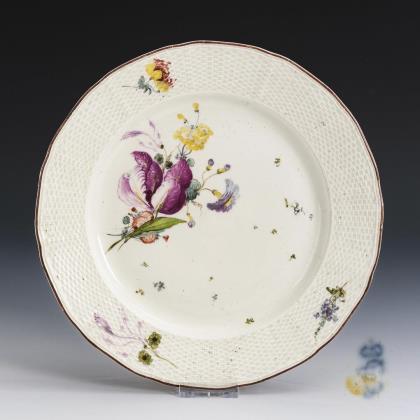 Teller mit durchbrochener Fahne. Im Spiegel die Darstellung eines galanten Paares in einer Parklandschaft
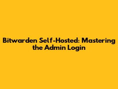 Bitwarden Self-Hosted: Mastering The Admin Login
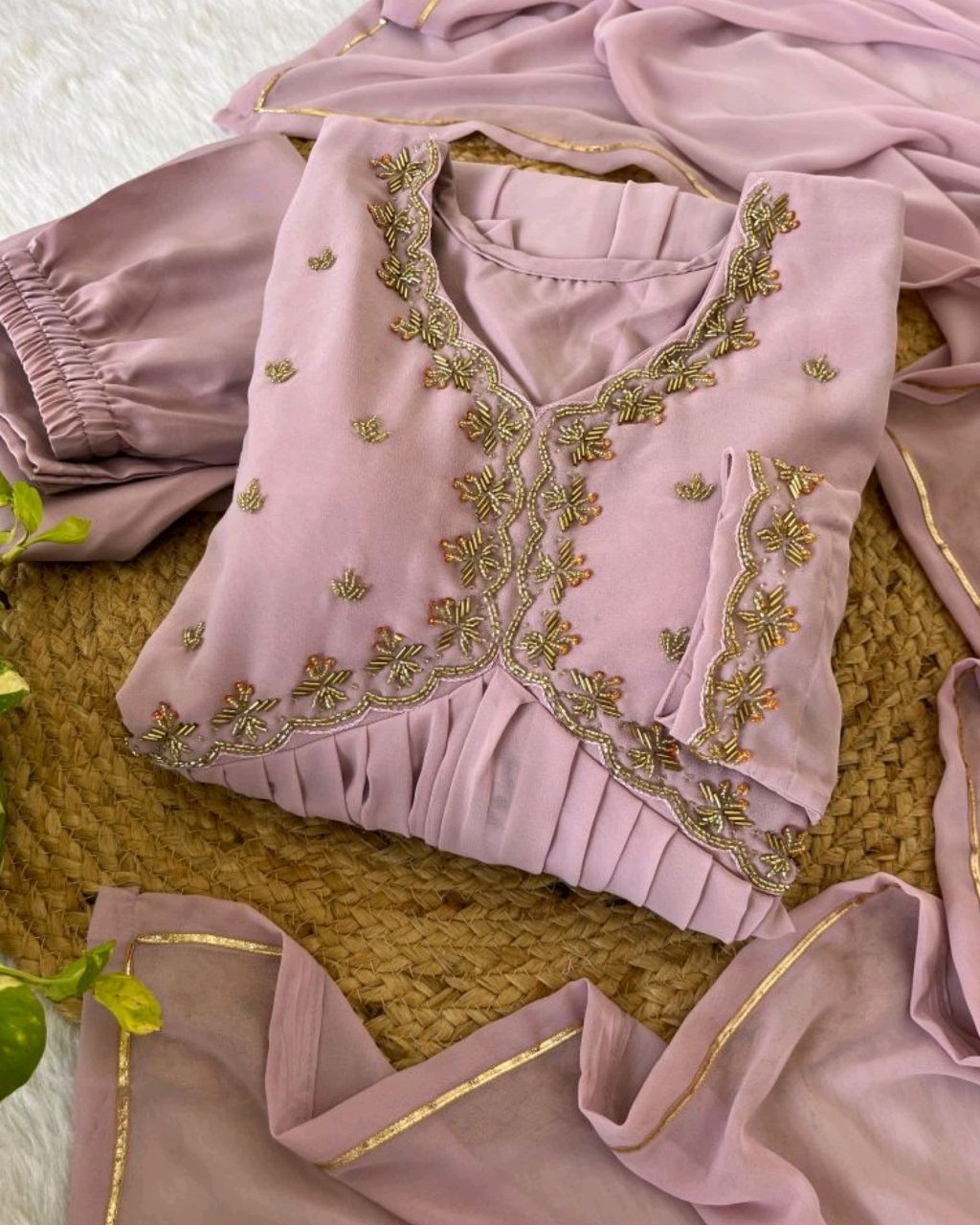 🔸Pant – Butter Creap Soft with WaistElastic Ankle Length and Bottom Additional Fancy Piping
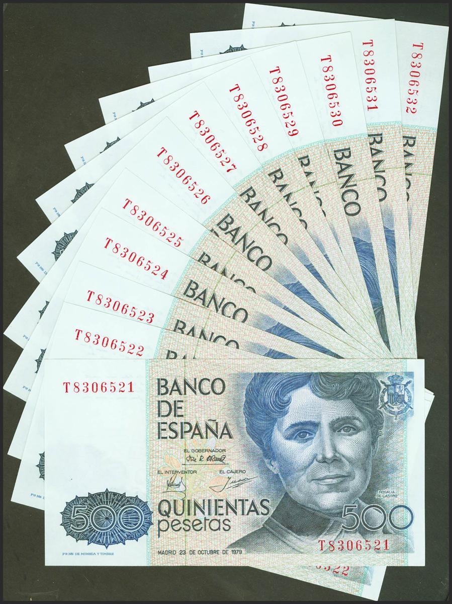 Set of 12 correlative banknotes of 500 Pesetas issued on October 23, 1979, all of them with the T series (Edifil 2021: 476a). Uncirculated.
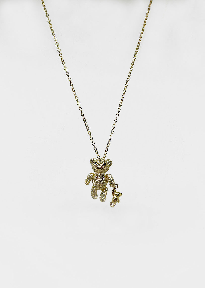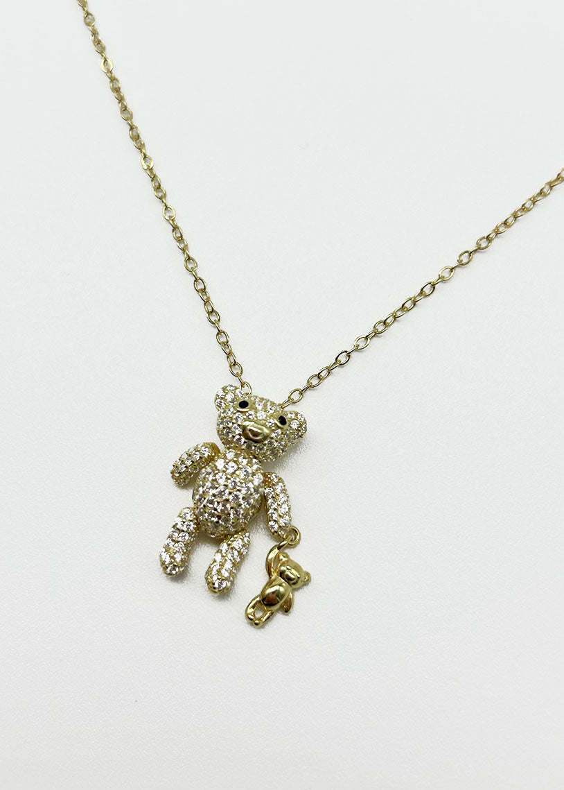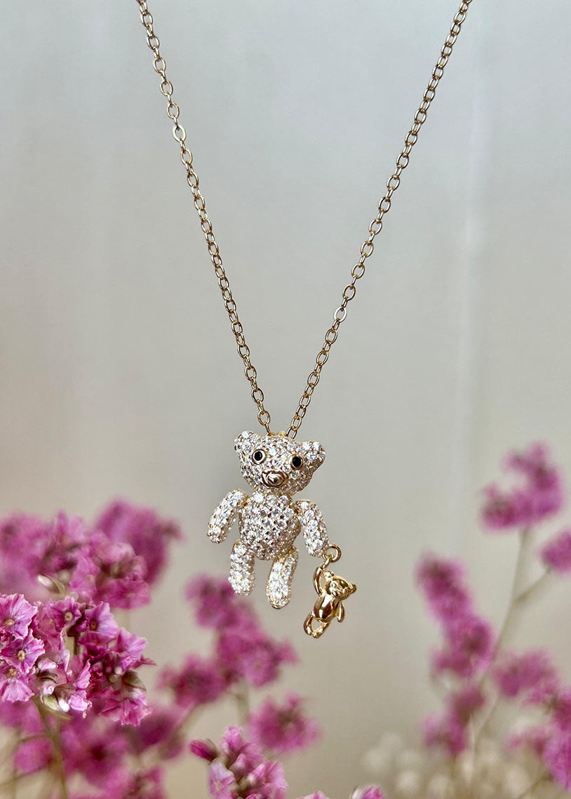 Questo girocollo Teddy unisce eleganza e dolcezza grazie alla sua raffinata lavorazione in galvanica gold. Il ciondolo a forma di orsetto è tempestato di pavé di cubic zirconia, che conferiscono una luminosità intensa e un effetto scintillante. Un accessorio prezioso e versatile, ideale per chi cerca un tocco di stile sofisticato con un design giocoso e contemporaneo.

○ ○ ○ ○ ○ ○ ○

◆ **TASK OBJECTIVE**:
Go back to the lines above and output, exactly as they stand, the ones from the line containing "Bitwarden Self-Hosted: Mastering" to the line containing "Set of 12 correlative". Leave all pictures behind.

◆ **WRITTEN RESPONSE**:
 Bitwarden Self-Hosted: Mastering The Admin Login
 🔸Pant – Butter Creap Soft with WaistElastic Ankle Length and Bottom Additional Fancy Piping
 Set of 12 correlative banknotes of 500 Pesetas issued on October 23, 1979, all of them with the T series (Edifil 2021: 476a). Uncirculated.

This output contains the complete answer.